The hearing came a day after a report from the Government Accountability Office (GAO) that found the agency skirted rules when appointing industry leaders to the boards.

Democrats on the House Science, Space and Technology Committee rattled off a list of issues with the EPA, from barring scientists with agency grants to serve on its Science Advisory Board, to a Trump administration executive order to kill one-third of advisory committees, to the Tuesday GAO report that showed how those boards with industry representatives and consultants have earned a more prominent role under the Trump presidency.

“Unfortunately, over the course of the last two and a half years, we have seen a multi-pronged attack on these committees,” Rep. Mikie Sherrill (D-N.J.), who chairs the Subcommittee on Investigations and Oversight, said.

The GAO report found the Science Advisory Board was particularly impacted by the agency.
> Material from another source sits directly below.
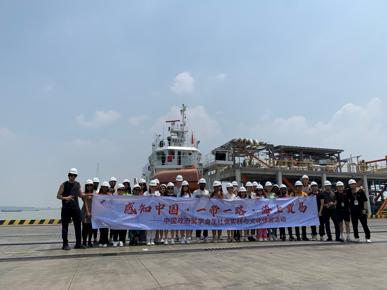 留学生们参访的码头主要负责的正是“一带一路”海外建设项目重装设备的运输。港口工作人员不光为留学生们精心准备了一场关于港口以及张家港城市的现场讲座,还带领着留学生们驱车前往港口码头,亲眼见证了重装设备在港口的运输过程,深刻感受到了张家港港口在“一带一路”中发挥的重要作用。一些“一带一路”沿线国家的留学生借这次的机会,还留下了港口工作人员的联系方式,期待未来合作的可能。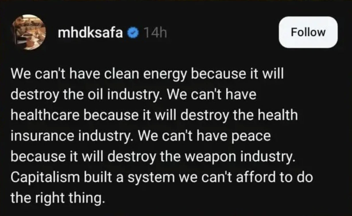 *built a system that actively tries to convince us there’s no other way, and suppresses the other ways with their money

Designed to be a collection of the nation’s top scientists, GAO found the EPA did not follow the process for selecting the “best qualified and most appropriate candidates” for two important committees that advise on environmental regulations and also “did not ensure that all appointees met ethics requirements.”

Thomas Burke, a professor at Johns Hopkins University who previously served as the deputy administrator for the Office of Research and Development, said the Science Advisory Board is there to “make sure the agency does the right science and gets the science right.”

A decision under former EPA administrator Scott Pruitt barred those who receive EPA research grants from serving on the committee. There was no similar ban for scientists who receive industry funding.

“When you omit those folks from the talent pool of our national, most prestigious advisory board it’s a skewing that eliminates the best minds,” Burke said. “What other areas of science would you omit the best minds at the start and not consider the potential conflict of interest of people who have direct financial interest or have received compensation from companies that have a very big vested interest in the subject at hand?” 

Republicans defend EPA: Some Republicans on the committee pushed back both at the accusations against the EPA and its boards as well as the hearing itself.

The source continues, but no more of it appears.